The entire artistic project has been conceived and executed by Peter Bottazzi and Silvia Rigon, who developed all the creative elements – installations, sculptures, video works, original music, soundscapes, and multimedia devices – in dialogue with the scientific framework elaborated by the Shakespeare Institute. The choice of the Carlo V Castle is not accidental. The city’s strong theatrical tradition, from the Roman amphitheater to the Roman theater, and up to the more modern theaters that have emerged over the centuries right next to the castle walls, makes the still little-known undergrounds of this location the ideal context to experience an exhibition where installations transform monumental spaces into sensory and cultural environments capable of connecting the past and the present.
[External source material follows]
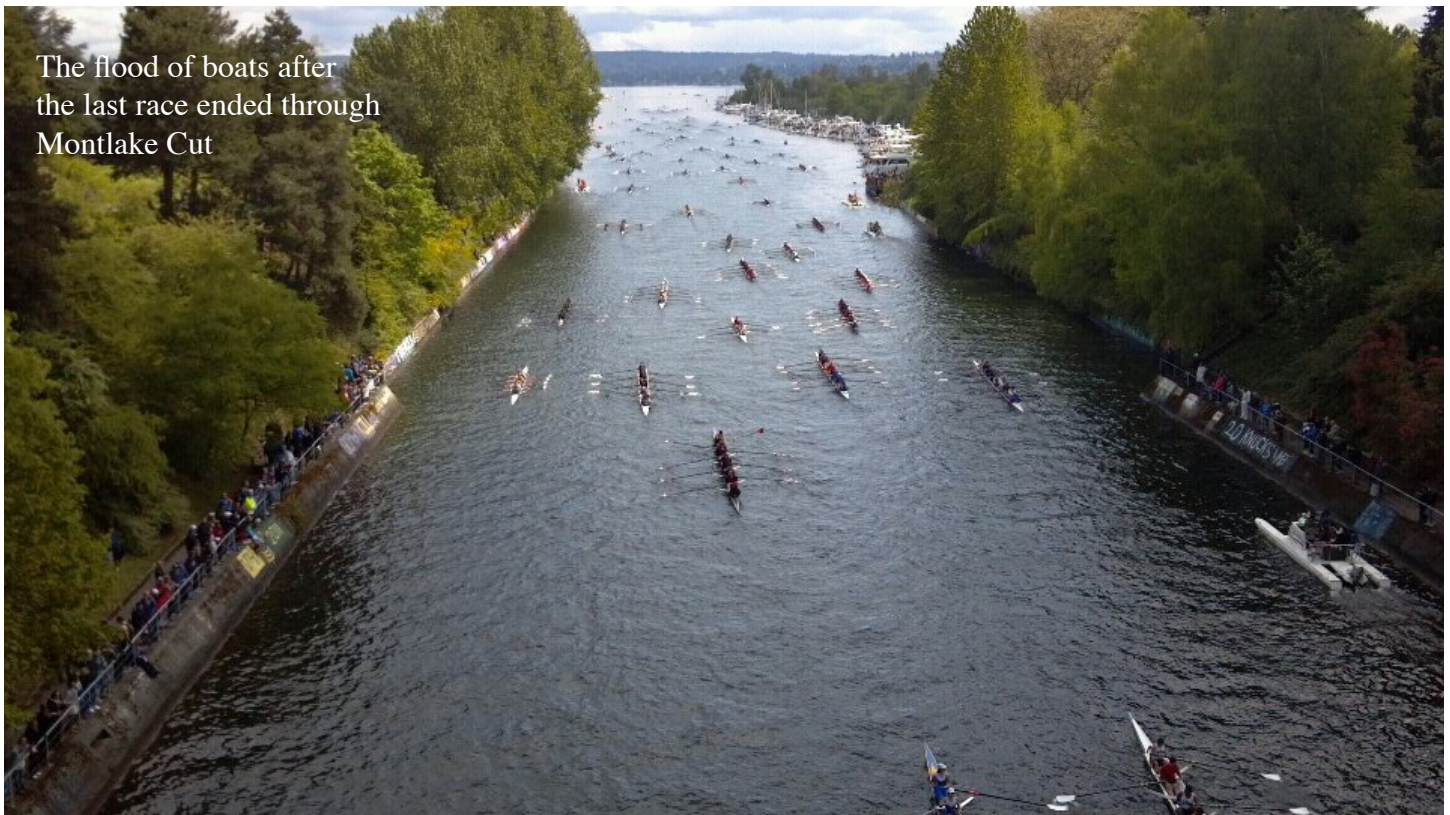
The flood of boats after the last race ended through Montlake Cut

In the Men's Varsity 4+ the University of Washington led the charge with their two entries. Oregon State University, Loyola Marymount University, Pocock Rowing Center and WSU stayed close for most of the race with the OSU Beavers crossing the line for third place followed by Pocock. The Cougars sprinted well and nearly passed LMU, but came across 0.4s too late with a time of 6:24.5.

The exhibition features seven large installations, each conceived as a different access point to the richness of Shakespeare's works. Poetry, dialogue, monologue, and song become tools to convey the complexity of the playwright's production in a multidisciplinary environment where his words resonate again in contemporary forms. Welcoming the public is The Boat of Prospero, a large installation inspired by the protagonist of The Tempest, symbolically composed of all of Shakespeare's works. As visitors pass through it, they are immersed in a soundscape constructed from poetic verses read in numerous languages, testifying to the universal dimension of his literary legacy.
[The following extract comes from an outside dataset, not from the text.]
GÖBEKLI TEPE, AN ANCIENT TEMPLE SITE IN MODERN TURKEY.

The Shakespeare Laboratory guides visitors on a journey through documents, images, digital content, and suggestions dedicated to the playwright's biography, historical context, and analysis of his works. With Soliloquy, the exhibition explores the most intimate dimension of Shakespearean theater through Hamlet's famous monologue, "To be or not to be," transformed into a multisensory environment that invites the public to confront the great questions of existence. With The Fantastic, the pathway opens to a space where video mapping and songs from The Tempest, Macbeth, A Midsummer Night's Dream, and Hamlet bring to life an immersive environment where the visible and the invisible meet, and words transform into visual and musical experiences. Radio Shakespeare invites the public to listen to some of the most famous monologues and dialogues from Shakespeare's theater. With Through the Words, pages, letters, and verses dissolve into light and traverse the walls of the castle, transforming the book into an experience that narrates how Shakespeare's work continues to live through reading, voice, and the transmission of memory.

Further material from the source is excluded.